──────── Data

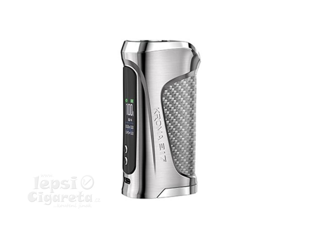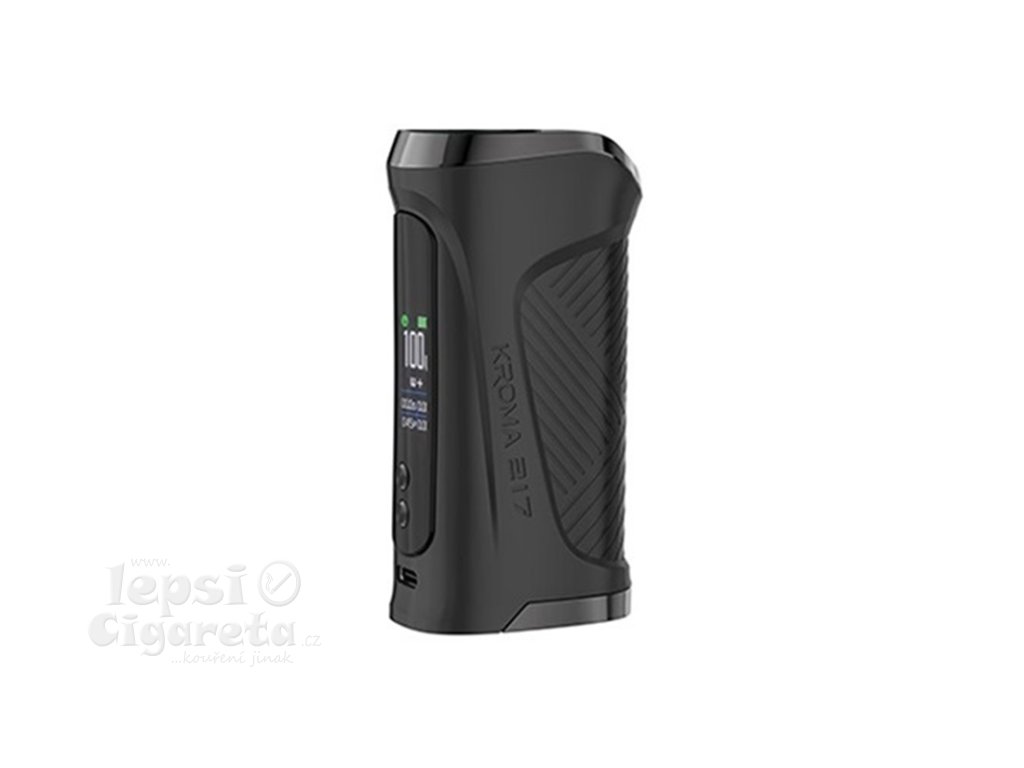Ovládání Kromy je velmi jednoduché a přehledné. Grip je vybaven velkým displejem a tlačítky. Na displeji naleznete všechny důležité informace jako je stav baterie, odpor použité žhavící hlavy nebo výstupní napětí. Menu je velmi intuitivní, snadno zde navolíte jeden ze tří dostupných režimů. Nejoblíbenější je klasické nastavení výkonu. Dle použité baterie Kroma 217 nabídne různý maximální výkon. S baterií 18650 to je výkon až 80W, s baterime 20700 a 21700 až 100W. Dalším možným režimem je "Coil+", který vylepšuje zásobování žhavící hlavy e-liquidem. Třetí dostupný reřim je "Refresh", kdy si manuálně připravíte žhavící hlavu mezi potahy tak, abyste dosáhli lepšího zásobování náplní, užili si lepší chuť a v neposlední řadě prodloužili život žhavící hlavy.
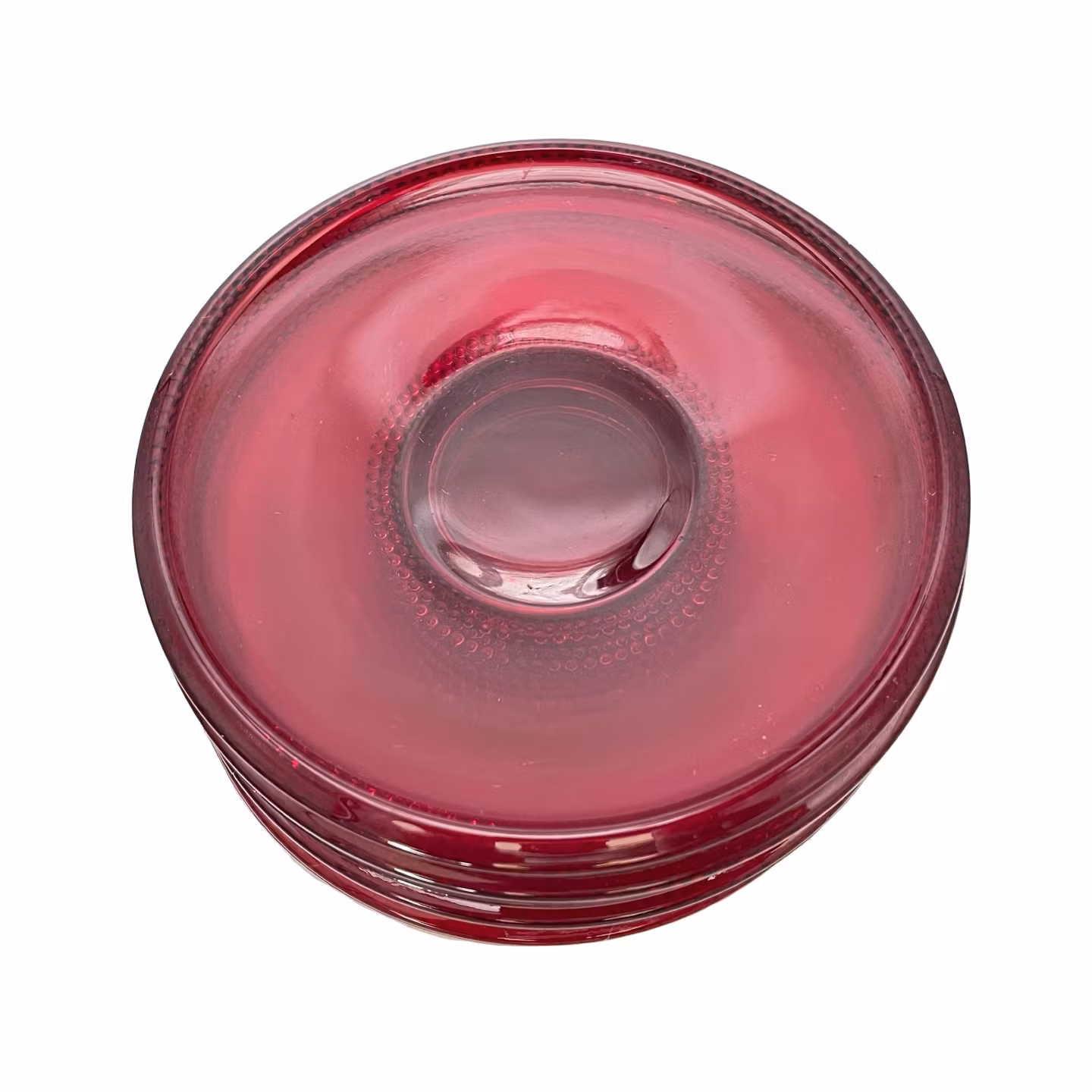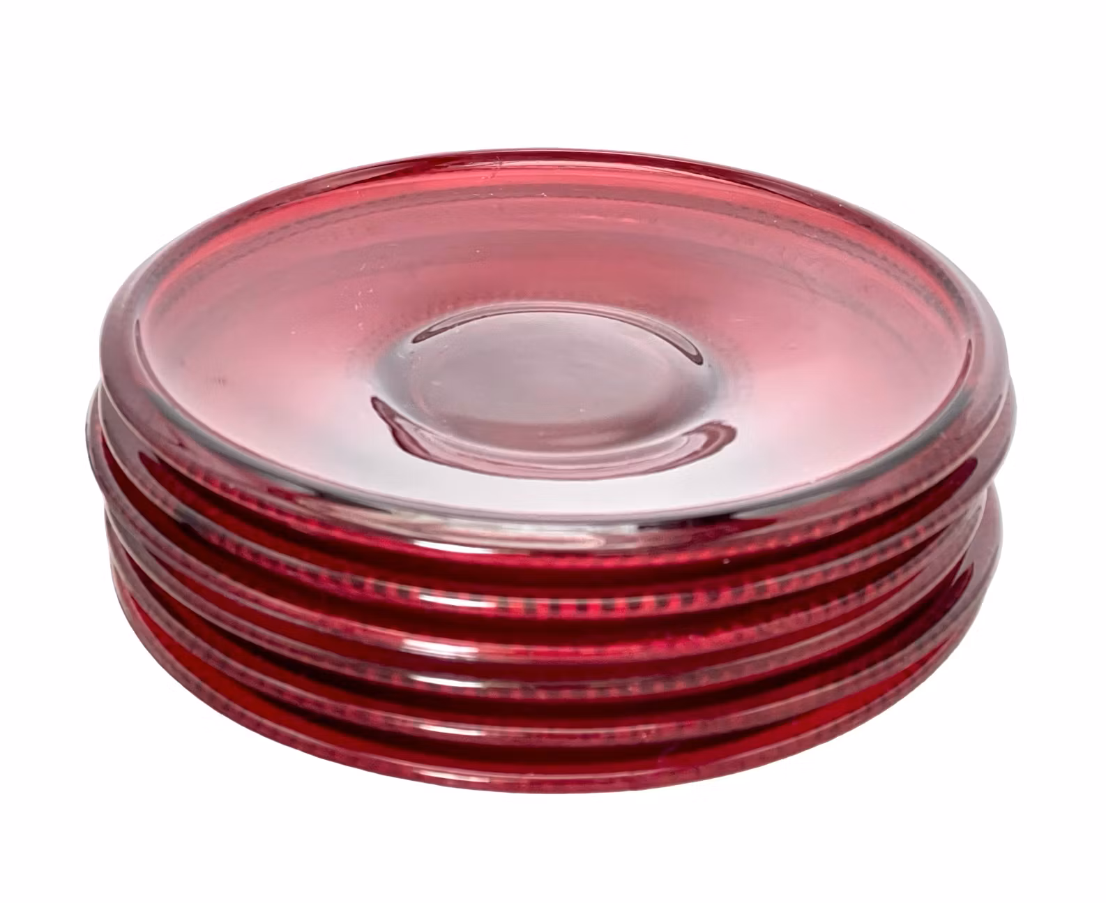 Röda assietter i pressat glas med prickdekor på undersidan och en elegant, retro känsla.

────────────────
──────── Data

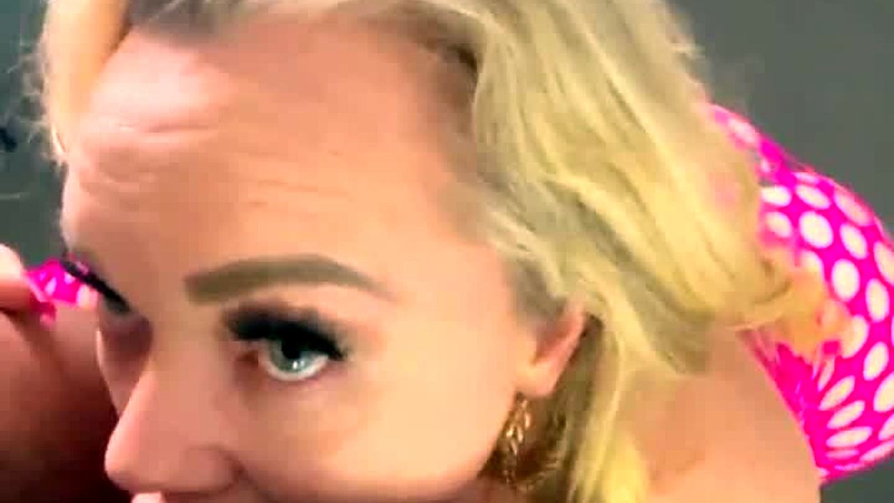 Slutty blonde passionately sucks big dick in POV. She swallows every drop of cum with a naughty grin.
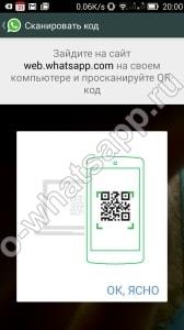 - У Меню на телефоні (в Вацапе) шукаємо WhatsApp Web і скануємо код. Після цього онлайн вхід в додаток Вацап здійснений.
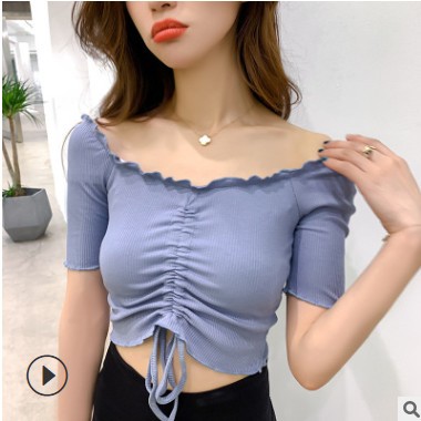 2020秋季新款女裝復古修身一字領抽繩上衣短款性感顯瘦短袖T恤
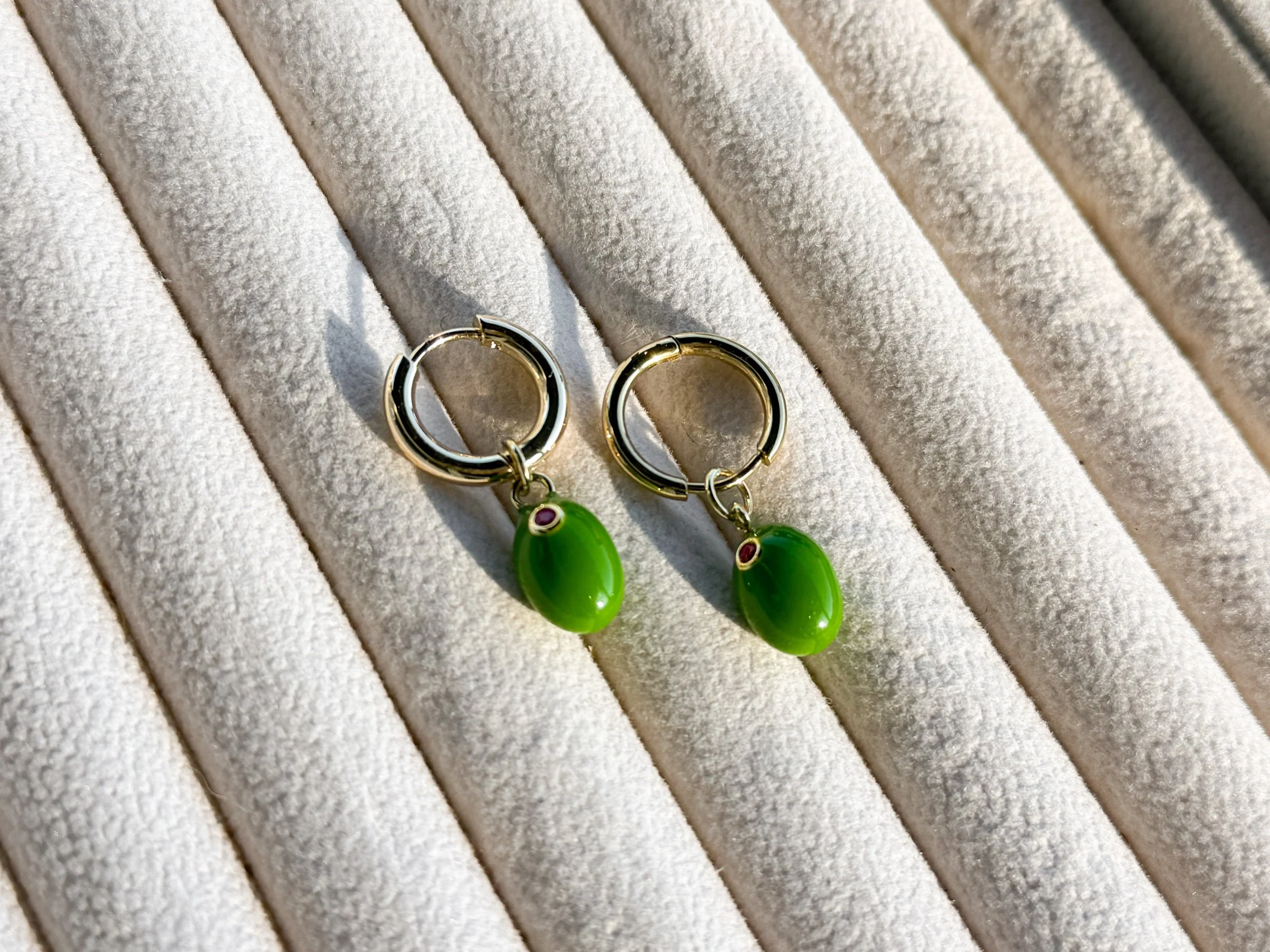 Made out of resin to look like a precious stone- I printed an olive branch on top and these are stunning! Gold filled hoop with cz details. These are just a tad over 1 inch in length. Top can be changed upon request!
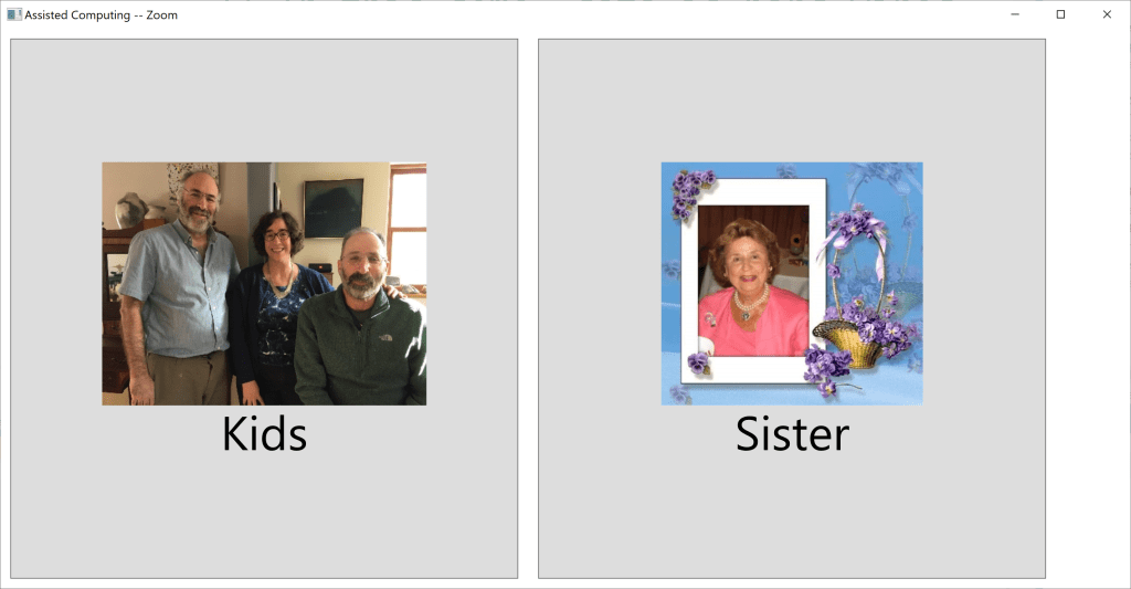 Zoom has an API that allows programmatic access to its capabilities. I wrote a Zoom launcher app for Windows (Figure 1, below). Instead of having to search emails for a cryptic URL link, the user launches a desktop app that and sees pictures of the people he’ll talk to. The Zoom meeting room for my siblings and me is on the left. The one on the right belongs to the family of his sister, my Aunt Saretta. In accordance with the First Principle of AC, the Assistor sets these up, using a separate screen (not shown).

────────────────
──────── Data

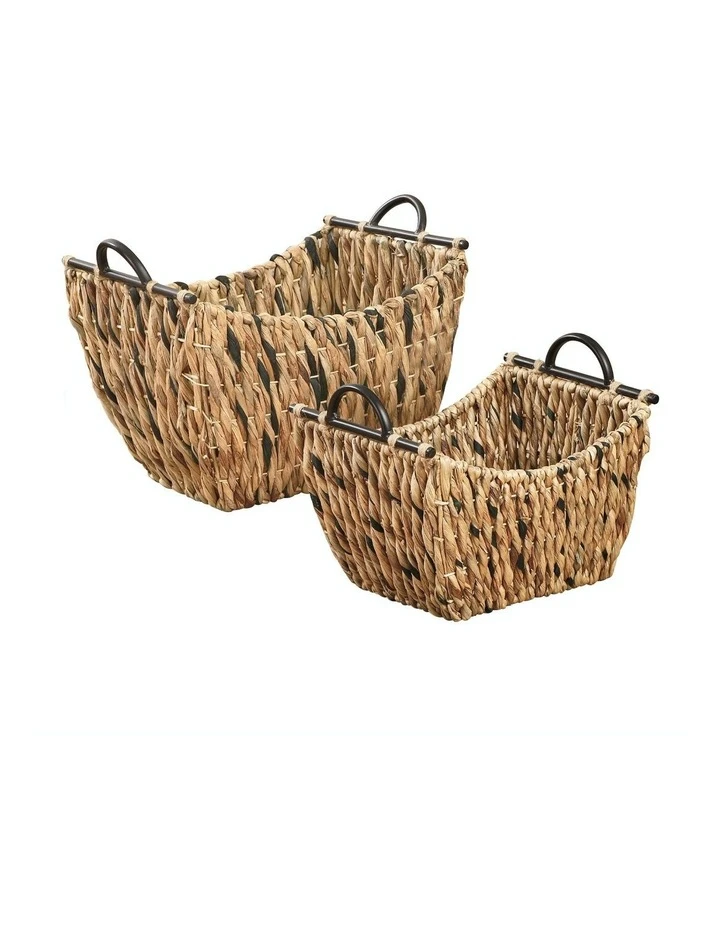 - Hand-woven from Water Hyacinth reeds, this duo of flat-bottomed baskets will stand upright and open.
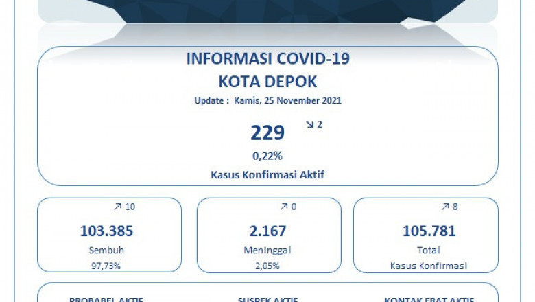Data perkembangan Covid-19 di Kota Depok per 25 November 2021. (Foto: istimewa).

────────────────

• What the exercise asks: Repeat exactly the stretch of the listing above that starts with the line holding "- Hand-woven from" and finishes with the line holding "Data perkembangan Covid-19", both included. Skip every picture.

• Result below:
 - Hand-woven from Water Hyacinth reeds, this duo of flat-bottomed baskets will stand upright and open.
Data perkembangan Covid-19 di Kota Depok per 25 November 2021. (Foto: istimewa).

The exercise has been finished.